Ok, so if you've gotten everything done with the other tests, you should experiment with the dynamic queries. Run the queries by doing npm run dynamic
.
So, you may be thinking "Dynamic queries are easy, I'll just interpolate in the data!" But, that line of thinking has cost companies literally billions of dollars. Why? Because of SQL injection attacks.

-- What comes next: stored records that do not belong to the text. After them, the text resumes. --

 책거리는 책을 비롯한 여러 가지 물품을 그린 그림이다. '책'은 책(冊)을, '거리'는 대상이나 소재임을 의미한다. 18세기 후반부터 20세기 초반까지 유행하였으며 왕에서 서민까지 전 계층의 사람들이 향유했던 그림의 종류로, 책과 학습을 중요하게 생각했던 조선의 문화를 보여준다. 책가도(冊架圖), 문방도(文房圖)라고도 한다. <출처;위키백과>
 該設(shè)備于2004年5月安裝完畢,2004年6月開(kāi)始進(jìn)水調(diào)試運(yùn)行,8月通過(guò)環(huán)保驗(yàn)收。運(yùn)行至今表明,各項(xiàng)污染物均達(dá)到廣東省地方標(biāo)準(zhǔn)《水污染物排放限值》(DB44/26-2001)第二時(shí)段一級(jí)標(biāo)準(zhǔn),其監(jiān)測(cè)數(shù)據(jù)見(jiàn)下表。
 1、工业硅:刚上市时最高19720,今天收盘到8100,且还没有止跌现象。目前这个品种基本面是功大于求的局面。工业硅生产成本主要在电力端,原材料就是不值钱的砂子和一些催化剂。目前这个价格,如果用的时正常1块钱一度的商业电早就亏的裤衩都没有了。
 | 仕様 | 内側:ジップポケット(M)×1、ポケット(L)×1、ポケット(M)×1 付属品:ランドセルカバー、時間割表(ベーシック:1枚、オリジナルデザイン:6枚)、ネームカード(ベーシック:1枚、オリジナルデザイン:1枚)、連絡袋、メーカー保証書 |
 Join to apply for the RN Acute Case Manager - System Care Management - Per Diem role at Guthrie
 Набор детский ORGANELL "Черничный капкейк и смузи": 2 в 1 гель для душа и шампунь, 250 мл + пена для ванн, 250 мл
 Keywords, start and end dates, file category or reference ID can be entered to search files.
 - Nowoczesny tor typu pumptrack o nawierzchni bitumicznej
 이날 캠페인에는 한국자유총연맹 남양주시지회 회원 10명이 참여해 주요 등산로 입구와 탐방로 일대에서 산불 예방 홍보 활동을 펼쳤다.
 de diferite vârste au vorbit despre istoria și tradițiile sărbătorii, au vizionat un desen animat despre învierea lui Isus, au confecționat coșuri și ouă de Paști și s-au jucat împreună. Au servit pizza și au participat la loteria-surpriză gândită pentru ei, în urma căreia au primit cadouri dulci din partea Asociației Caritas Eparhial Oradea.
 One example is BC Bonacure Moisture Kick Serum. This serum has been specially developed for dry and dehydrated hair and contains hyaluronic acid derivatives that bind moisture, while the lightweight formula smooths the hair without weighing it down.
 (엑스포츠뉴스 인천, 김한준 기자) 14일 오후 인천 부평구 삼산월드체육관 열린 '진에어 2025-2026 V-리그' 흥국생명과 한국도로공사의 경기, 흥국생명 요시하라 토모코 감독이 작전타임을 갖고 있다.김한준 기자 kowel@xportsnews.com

See, you can run more than one query at a time in SQL, you just separate them out with the ;
. However, this means that people can "inject" unwanted code into our queries. Look at the dangerous query:
const id = `1; UPDATE books SET title = 'HAHAHACKED'`;
const query = `SELECT * FROM books WHERE id = ${id};`;
await knex.raw(query);
const { rows } = await knex.raw('SELECT id, title FROM books');
console.log('Hacked output', rows);
That 1; UPDATE...
is totally valid SQL. But, obviously that's not what we want! When we look at the output, suddenly every title in our table has been incorrectly set. This example is mild, someone could also just destroy your entire DB by DROP
ing all the tables.
(Relevant xkcd comic)
That's why all SQL adapters like knex have a way of "escaping" the input data with their queries. "Escaping" means the SQL keywords no longer have any syntactic power, they just become strings. With knex
the way we do this is:
const safeDynamicQuery = async (id) => {
const query = `SELECT * FROM books WHERE id = ?;`;
const { rows } = await knex.raw(query, [id]);
console.log('Fancy output', rows);
return rows;
};
That ?
is a stand in value for our data. Which we pass in via an ordered array. If we have more than one piece of data, then you just pass them all along into the array
const multipleDynamicParamsQuery = async (pages, isMovie) => {
const query = `SELECT * FROM books WHERE pages > ? AND is_movie = ?;`;
const { rows } = await knex.raw(query, [pages, isMovie]);
console.log('Multiple Dynamic Query', rows);
return rows;
};
You might also see queries using $1
, $2
... instead. It depends on the SQL implementation. But ?
works for knex
across the board.
This kind of dynamic query is obviously extremely useful. And knex
can do much more than just raw
queries like this. But for now, practice using dynamic queries by writing some of your own. Can you create any new versions of the basic and advanced queries that use parameters?